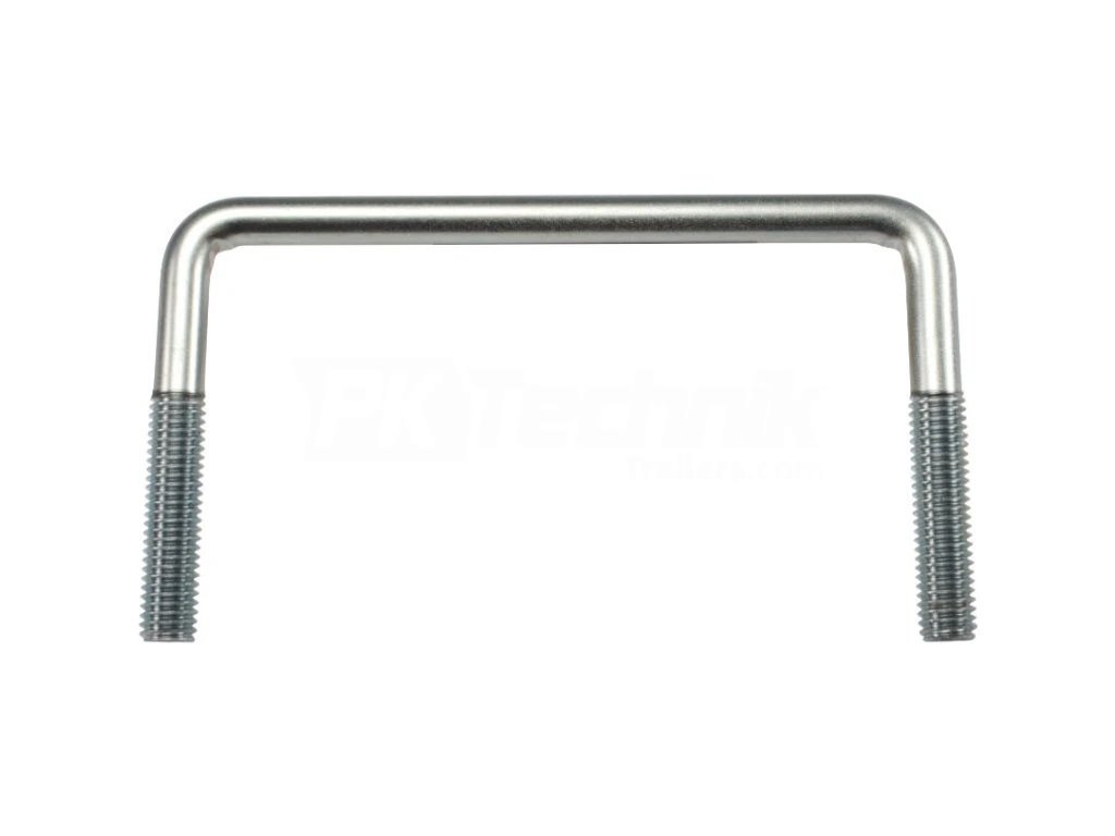 Ocelový, galvanicky pozinkovaný třmen se závity M10. Délka závitů je pevně daná a závit nelze proříznout dál. Průměr kulatiny třmenu je 9 mm.
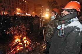 Евромайдан. Улица Грушевского вечером 21 января.
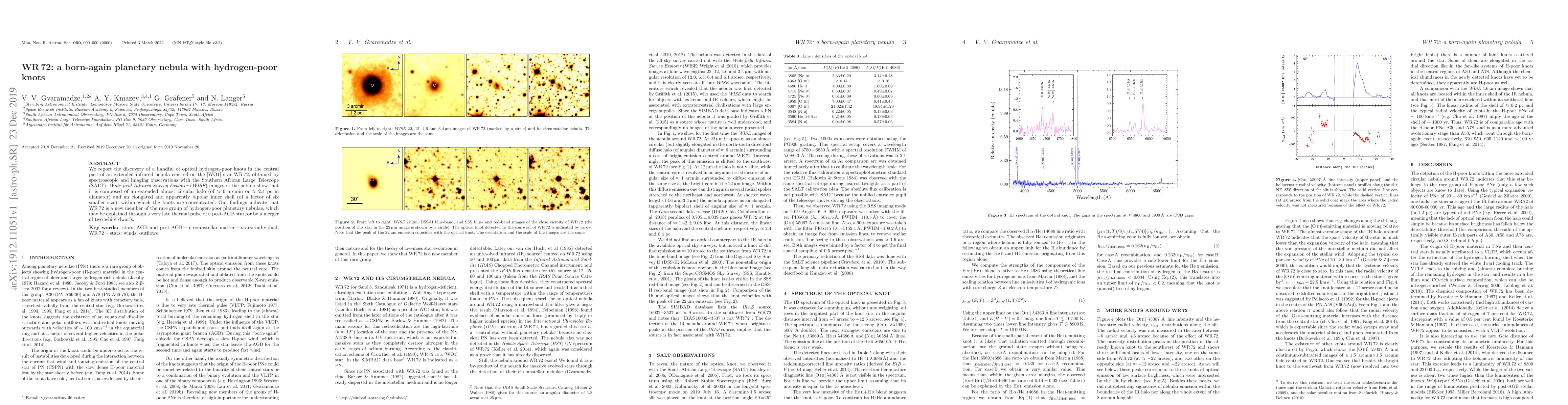 We report the discovery of a handful of optical hydrogen-poor knots in the central part of an extended infrared nebula centred on the [WO1] star WR 72, obtained by spectroscopic and imaging observations with the Southern African Large Telescope (SALT). Wide-field Infrared Survey Explorer (WISE) images of the nebula show that it is composed of an extended almost circular halo (of $\approx6$ arcmin or $\approx2.4$ pc in diameter) and an elongated and apparently bipolar inner shell (of a factor of six smaller size), within which the knots are concentrated. Our findings indicate that WR 72 is a new member of the rare group of hydrogen-poor planetary nebulae, which may be explained through a very late thermal pulse of a post-AGB star, or by a merger of two white dwarfs.
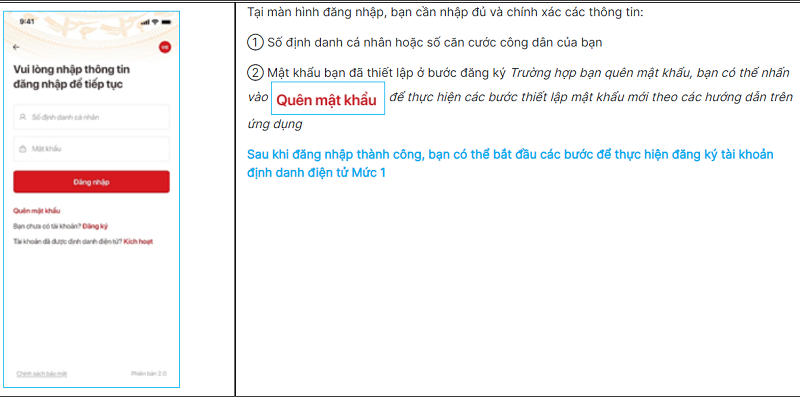 Mật khẩu bạn đã thiết lập ở bước đăng ký Trường hợp bạn quên mật khẩu, bạn có thể nhấn vào  để thực hiện các bước thiết lập mật khẩu mới theo các hướng dẫn trên ứng dụng
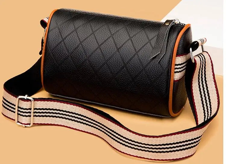 Diamond Lattice Leather Women Pillow Handbags Wide Strap Female Shoulder Bags

(WHAT NEEDS TO BE DONE) Would you write out all of the records exactly, omitting the pictures?

(RESPONSE TO THIS TASK)
 Ocelový, galvanicky pozinkovaný třmen se závity M10. Délka závitů je pevně daná a závit nelze proříznout dál. Průměr kulatiny třmenu je 9 mm.
 Евромайдан. Улица Грушевского вечером 21 января.
 We report the discovery of a handful of optical hydrogen-poor knots in the central part of an extended infrared nebula centred on the [WO1] star WR 72, obtained by spectroscopic and imaging observations with the Southern African Large Telescope (SALT). Wide-field Infrared Survey Explorer (WISE) images of the nebula show that it is composed of an extended almost circular halo (of $\approx6$ arcmin or $\approx2.4$ pc in diameter) and an elongated and apparently bipolar inner shell (of a factor of six smaller size), within which the knots are concentrated. Our findings indicate that WR 72 is a new member of the rare group of hydrogen-poor planetary nebulae, which may be explained through a very late thermal pulse of a post-AGB star, or by a merger of two white dwarfs.
 Mật khẩu bạn đã thiết lập ở bước đăng ký Trường hợp bạn quên mật khẩu, bạn có thể nhấn vào  để thực hiện các bước thiết lập mật khẩu mới theo các hướng dẫn trên ứng dụng
 Diamond Lattice Leather Women Pillow Handbags Wide Strap Female Shoulder Bags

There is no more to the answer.